The Royal Elms Care Home is a residential care home in Newton Heath, north east of the centre of Manchester. It can accommodate up to 25 people. At the date of this inspection there were 22 people living in the home.This inspection took place on 15 February 2017 and was unannounced, which meant the service did not know in advance when we were coming. The previous inspection had taken place in October 2015, when the service was rated as “requires improvement”. At that time, we found breaches of four regulations. These related to care records not being updated, consent to care not being properly obtained, issues regarding medicines and infection control, and quality monitoring systems. We asked the provider to submit an action plan, which we received on 21 December 2015. At this inspection we checked to see whether those actions had been completed. Further details are given in the main body of this report.
The Royal Elms had a manager in post since 2008, who had been registered with the Care Quality Commission since 2010. A registered manager is a person who has registered with the Care Quality Commission to manage the service. Like registered providers, they are ‘registered persons’. Registered persons have legal responsibility for meeting the requirements in the Health and Social Care Act 2008 and associated Regulations about how the service is run.
People told us they felt safe living in The Royal Elms. The building was adapted for the needs of people with reduced mobility. We considered that the stairgate at the top of one staircase posed an unnecessary risk. This was a breach of the regulation relating to safety.
Improvements had been made since our last inspection in relation to the storage of medicines. A sink had been installed in the medicines storage room. Medicines were administered safely.
Risk assessments were completed relating both to care and trips outside the home.
Staffing levels were acceptable. At the date of this inspection there was no cook and the registered manager and other staff were filling in.
Staff understood about safeguarding. Correct processes were followed when recruiting staff.
The home was kept clean and regular checks were made to restrict infection from spreading.
The home was protected against the risks of fire, and the building was well maintained.
New staff and existing staff received appropriate training.
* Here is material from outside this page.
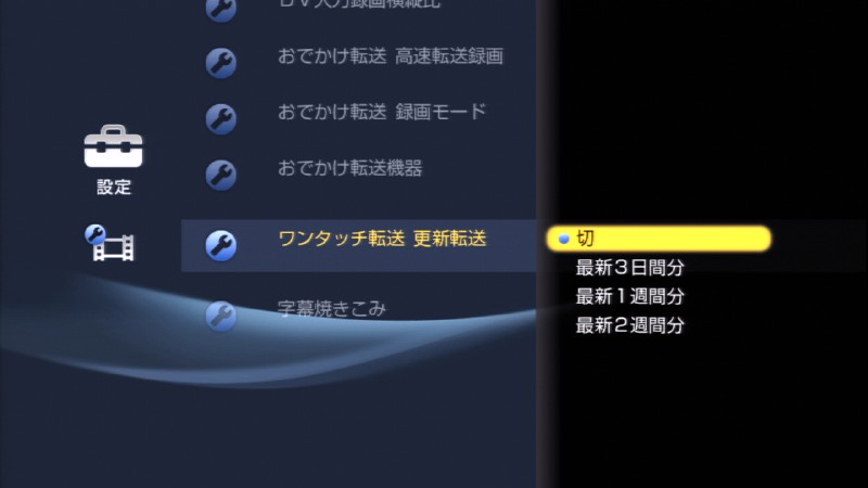 「おでかけ転送」自体の使い勝手はPSPもウォークマンも変わらない。便利だと感じたのが「ワンタッチ転送」機能だ。これは転送対象を接続し、本体の「ワンタッチ」ボタンを押すだけで自動的に指定した番組が転送される機能。たとえば深夜や早朝のニュースを毎日更新で録画し、ワンタッチ転送に設定しておく。翌朝ウォークマンやPSPなどを接続して、本体のワンタッチボタンを押せば、本体の電源が入っていなくても転送がスタートする。この機能には自動更新機能があり、「最新3日間」「最新1週間分」「最新2週間分」で上書き更新できる。これまでは見終わった番組を消すのが面倒だったが、ニュースや連続ドラマなどを自動的に最新のものに書き換えてくれるので、日常的に使う人は重宝するだろう。ちなみに上書きされるのは転送先のコンテンツであり、BDZ-A70上のコンテンツは上書きや消去はされない。

New staff were not yet following the Care Certificate. Supervision and appraisals were taking place to support staff.
Staff had received training in the Mental Capacity Act 2005 (MCA) but there was scope for bringing this up to date. Consent forms were used to record that people consented to care, but when a person lacked capacity to consent, the form implied incorrectly that relatives could consent on their behalf.
Applications were made under the Deprivation of Liberty Safeguards (DoLS). One application had been made for someone nearing the end of life, which may have been inappropriate.
People liked the food. The lunchtime dining experience was enjoyable.
People’s weight was recorded regularly. People had access to a range of healthcare professionals.
The downstairs had been repainted in colours considered suitable for people living with dementia.
People living in the home and relatives told us they thought the staff were caring, and encouraged them to be independent. Staff were patient and knew the people in the home well. People were dressed in a dignified way. There was one exception but this was that person’s choice.
Confidentiality was respected. The home was prepared to meet people’s needs as they approached the end of life.
Care plans were thorough. They contained handwritten plans for each aspect of care. A new style was being introduced with typewritten plans, which were a little easier to follow. People’s life history was recorded, where known, which enabled staff to engage with people.
There had been no formal complaints recently. People were able to approach the registered manager regarding minor issues.
There was a good range of activities provided in the home, and two staff responsible for delivering them. We saw a lively and enjoyable music and dance session. There were activities suitable for people with more advanced dementia, and the home had developed flash cards for people who could not communicate verbally.
Trips took place from time to time and there were regular pub lunches. People attended residents’ meetings.
People living in the home, their relatives and staff all had a high opinion of how the home was run and of the registered manager. Many staff were long-serving but there were some new recruits as well.
A new audit system had been introduced, but several months of medication audits had been missed. Other audits were completed but there was no analysis of accidents. We saw one error in recording DoLS applications.
The provider visited the home but there were no records of those visits. This meant there was an absence of evidence of oversight of the home. Taken with the missing audits this represented a breach of the regulation relating to good governance.
The registered manager had been involved in one disciplinary matter recently. There were regular staff meetings.
We found breaches of two regulations of the Health and Social Care Act 2008 (Regulated Activities) Regulations 2014. You can see what action we told the provider to take at the end of the full version of the report.